Пусть даже ради столь возвышенной корысти, какой представится ему взаимность любимой женщины…
Размышления прервёт одинокий крик чайки, распластавшейся над подсолнуховым морем. Огромная птица замрёт в схватке со встречным ветром, пронзительный зов её отзовётся в глубинах вселенной. Начикет помчится к Звёздной Гавани. Мимо пролетит тропинка, где расстались они с Никосом, просвистят переборки тоннеля, в котором он преследовал своего мнимого предателя, всё быстрее и быстрее понесётся известная ему дотоле жизнь – Пора Игры, Пора, Верности, Пора Влечения… Он будет бежать к Звёздной Гавани… Снова бежать к Неизменному…
На берегу Начикет сбросит лиловые покровы и ринется в тёмное неистовство прилива. Бурая стихия подхватит разгорячённое тело. Ритмичными движениями станет разгребать он путь среди томных вод, преодолевая ужас от разверзшейся под ним глубины.
Поверхность океана застелет облако. Мягкие клубы принесут невесомую фигуру девы в лиловом плаще. Карие глаза её полны отрешения и нежности. Так некогда смотрела на него мать, думая, что, увлечённый игрой, он не обернётся. Но он оборачивался и смущался.
Снова вскрикнет чайка. Пальцы нащупают под водой твердь. Первозданный и цельный приблизится он к Ёко. Лиловая ткань скользнёт на утренний камень, обнажив её совершенное тело – мимолетный символ быстротечной души.

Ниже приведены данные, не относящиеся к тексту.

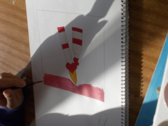 11の美術は、東からの太陽の光を浴びながら進んでいます。ロゴづくりが進んでいます。
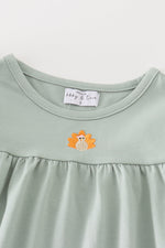Get ready for the holiday season with this adorable green turkey embroidery girl set! Perfect for family dinners and photos, this set features an intricate turkey embroidery design that adds a charming touch. Made with high-quality materials, this set is comfortable for your little one to wear all day long. Gobble up the compliments with this unique and playful outfit!
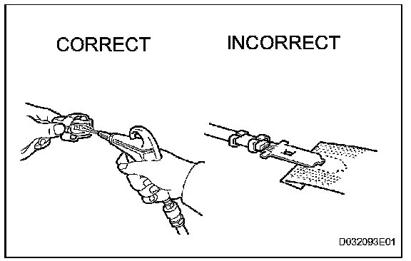 1. When disconnecting a connector, first squeeze the mating connector housing halves tightly together to release the lock, and then press the lock claw and separate the connector.
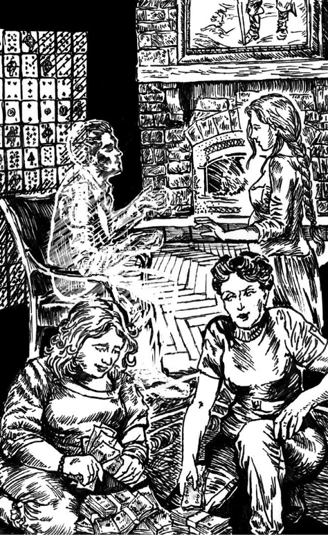 Как только Марина выгребла деньги из тайника, карты на панно вернулись в исходное положение, а Ленка увидела в холле на кресле у камина призрак покойника. Мертвый Сергей был бледен и едва различим, кожа казалась серой.

Бархатным цветком раскроется она, волна за волной сообщит ве́домое ей от начала: человек – больше чем «я», больше чем «ты». Человек – не персона. Человек – мгновение. Он возникает в тот миг, когда «я» теряет себя в ином «я», и снова исчезает, как только «я» восстанавливает границы. Два человека, слившихся воедино силою любви, суть мимолётное божество.
Пройдёт год. Ёко перенесёт тяжёлые роды и выживет потому лишь, что в ту пору Начикет ещё не утратит надежду на возрождение угасшего к ней чувства. Он будет тешить себя мыслю, будто сумеет распознать в этой приземлённой женщине пенорожденную деву, которая некогда спасла его от бессмыслицы. Он постарается опереться на чувство благодарности к ней, станет старательно подмечать все её добрые черты, но ничего не поможет. Ёко станет ему чужой.
Отторжение вызовет не её внешность – все эти одутловатости, узелки, складочки – но духовная метаморфоза, которую будет символизировать её новый облик. Родив Юлию, она утратит прежнюю устремленность к горнему, весь мир её сосредоточится в белокурой девчушке с малахитовыми глазами. Ёко начнёт отдавать дочери силу, ум, красоту и радоваться совершающейся в них обеих перемене, она покорится собственному закату, перетечёт в Юлию как облако в каплю дождя. Начикет отяготится их обществом. Пробуждению отцовского чувства воспрепятствует досада, которую он станет испытывать при виде матери и ребёнка, нашедших друг в друге разгадку последних тайн бытия. Гневом и отвращением закипит он, ежедневно сталкиваясь с предвечным женским ответом на извечный мужской вопрос: «Зачем?» Он взыщет совершенства личности, а найдёт элементарность грибницы. Отстранённый от творящегося на его глазах таинства природы, он удалится в недра своего «я». Там, в полном одиночестве, сумеет обрести он свои ипостаси так, как Ёко сможет найти себя только в Юлии.
Любовь к женщине более не потревожит его, ибо чрез все свои страсти и отрешения он всегда будет искать одного – пути к Неизменному. Женское начало окажется препятствием, ловушкой. Вместо пути к Неизменному откроется перед ним дорога к Повторяющемуся, вместо пути к Храму – путь к Капищу. Любовь станет вехой на жизненном пути. Начикет приблизится к Поре Плодоношения.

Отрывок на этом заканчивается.